Work order:
The pictures are to be left out when the listing below is reproduced word for word.
Data shown Start Marker
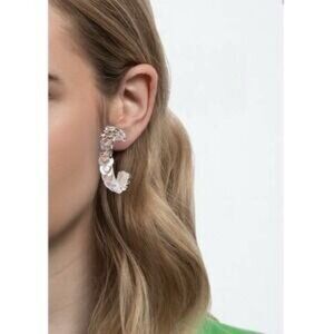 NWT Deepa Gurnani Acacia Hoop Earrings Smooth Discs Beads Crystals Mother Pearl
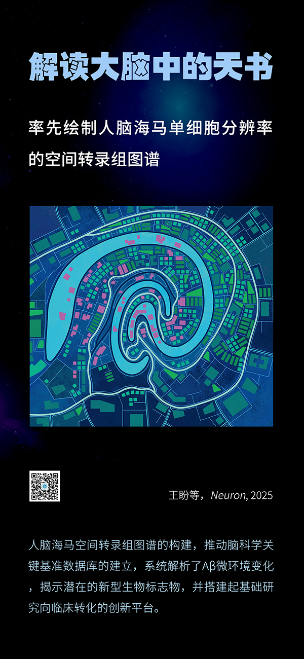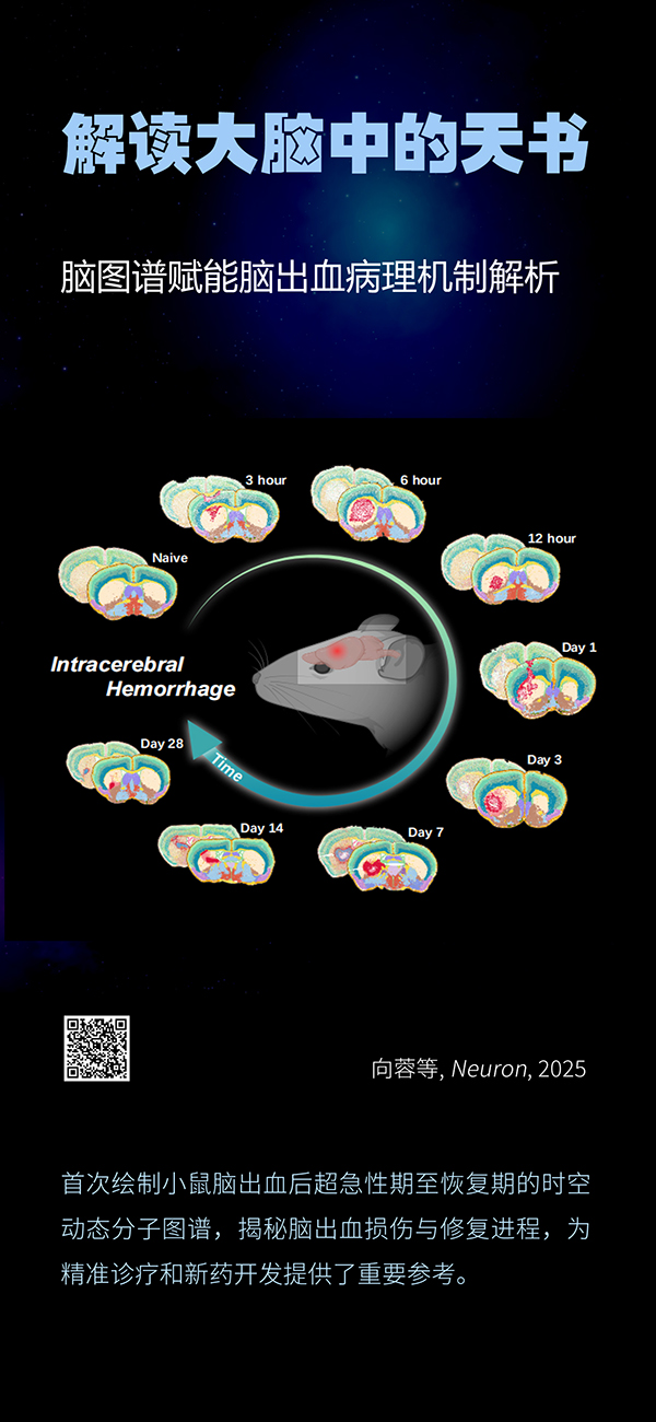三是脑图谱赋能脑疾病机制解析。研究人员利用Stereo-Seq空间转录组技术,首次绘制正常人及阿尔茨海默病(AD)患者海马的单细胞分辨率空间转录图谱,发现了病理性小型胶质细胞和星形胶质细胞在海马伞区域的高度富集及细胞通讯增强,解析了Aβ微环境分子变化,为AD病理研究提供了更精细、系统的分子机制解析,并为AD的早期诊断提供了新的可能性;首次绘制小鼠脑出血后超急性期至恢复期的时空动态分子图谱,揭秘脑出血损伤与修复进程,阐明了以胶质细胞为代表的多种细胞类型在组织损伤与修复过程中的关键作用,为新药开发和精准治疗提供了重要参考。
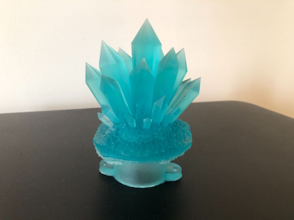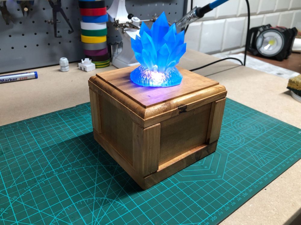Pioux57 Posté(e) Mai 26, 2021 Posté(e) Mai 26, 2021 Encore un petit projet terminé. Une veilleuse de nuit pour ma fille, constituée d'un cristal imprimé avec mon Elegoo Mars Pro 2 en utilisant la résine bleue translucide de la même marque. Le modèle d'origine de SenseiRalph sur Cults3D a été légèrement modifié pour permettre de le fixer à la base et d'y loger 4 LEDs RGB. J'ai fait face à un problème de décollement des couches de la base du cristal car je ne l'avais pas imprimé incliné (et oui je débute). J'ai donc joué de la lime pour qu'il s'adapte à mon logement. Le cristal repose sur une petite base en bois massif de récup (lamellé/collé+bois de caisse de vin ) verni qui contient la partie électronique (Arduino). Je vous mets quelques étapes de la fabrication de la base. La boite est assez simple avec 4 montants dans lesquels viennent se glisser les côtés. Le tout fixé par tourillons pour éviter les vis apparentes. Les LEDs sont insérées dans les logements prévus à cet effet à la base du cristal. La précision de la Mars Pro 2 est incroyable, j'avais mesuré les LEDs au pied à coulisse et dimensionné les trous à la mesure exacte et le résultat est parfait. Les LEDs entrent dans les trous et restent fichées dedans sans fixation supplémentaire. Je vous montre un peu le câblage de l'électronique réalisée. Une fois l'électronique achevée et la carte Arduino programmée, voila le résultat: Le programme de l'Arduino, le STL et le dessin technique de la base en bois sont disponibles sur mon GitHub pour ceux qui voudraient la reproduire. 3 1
Data shown End Marker
Expected answer:
 NWT Deepa Gurnani Acacia Hoop Earrings Smooth Discs Beads Crystals Mother Pearl
三是脑图谱赋能脑疾病机制解析。研究人员利用Stereo-Seq空间转录组技术,首次绘制正常人及阿尔茨海默病(AD)患者海马的单细胞分辨率空间转录图谱,发现了病理性小型胶质细胞和星形胶质细胞在海马伞区域的高度富集及细胞通讯增强,解析了Aβ微环境分子变化,为AD病理研究提供了更精细、系统的分子机制解析,并为AD的早期诊断提供了新的可能性;首次绘制小鼠脑出血后超急性期至恢复期的时空动态分子图谱,揭秘脑出血损伤与修复进程,阐明了以胶质细胞为代表的多种细胞类型在组织损伤与修复过程中的关键作用,为新药开发和精准治疗提供了重要参考。
Pioux57 Posté(e) Mai 26, 2021 Posté(e) Mai 26, 2021 Encore un petit projet terminé. Une veilleuse de nuit pour ma fille, constituée d'un cristal imprimé avec mon Elegoo Mars Pro 2 en utilisant la résine bleue translucide de la même marque. Le modèle d'origine de SenseiRalph sur Cults3D a été légèrement modifié pour permettre de le fixer à la base et d'y loger 4 LEDs RGB. J'ai fait face à un problème de décollement des couches de la base du cristal car je ne l'avais pas imprimé incliné (et oui je débute). J'ai donc joué de la lime pour qu'il s'adapte à mon logement. Le cristal repose sur une petite base en bois massif de récup (lamellé/collé+bois de caisse de vin ) verni qui contient la partie électronique (Arduino). Je vous mets quelques étapes de la fabrication de la base. La boite est assez simple avec 4 montants dans lesquels viennent se glisser les côtés. Le tout fixé par tourillons pour éviter les vis apparentes. Les LEDs sont insérées dans les logements prévus à cet effet à la base du cristal. La précision de la Mars Pro 2 est incroyable, j'avais mesuré les LEDs au pied à coulisse et dimensionné les trous à la mesure exacte et le résultat est parfait. Les LEDs entrent dans les trous et restent fichées dedans sans fixation supplémentaire. Je vous montre un peu le câblage de l'électronique réalisée. Une fois l'électronique achevée et la carte Arduino programmée, voila le résultat: Le programme de l'Arduino, le STL et le dessin technique de la base en bois sont disponibles sur mon GitHub pour ceux qui voudraient la reproduire. 3 1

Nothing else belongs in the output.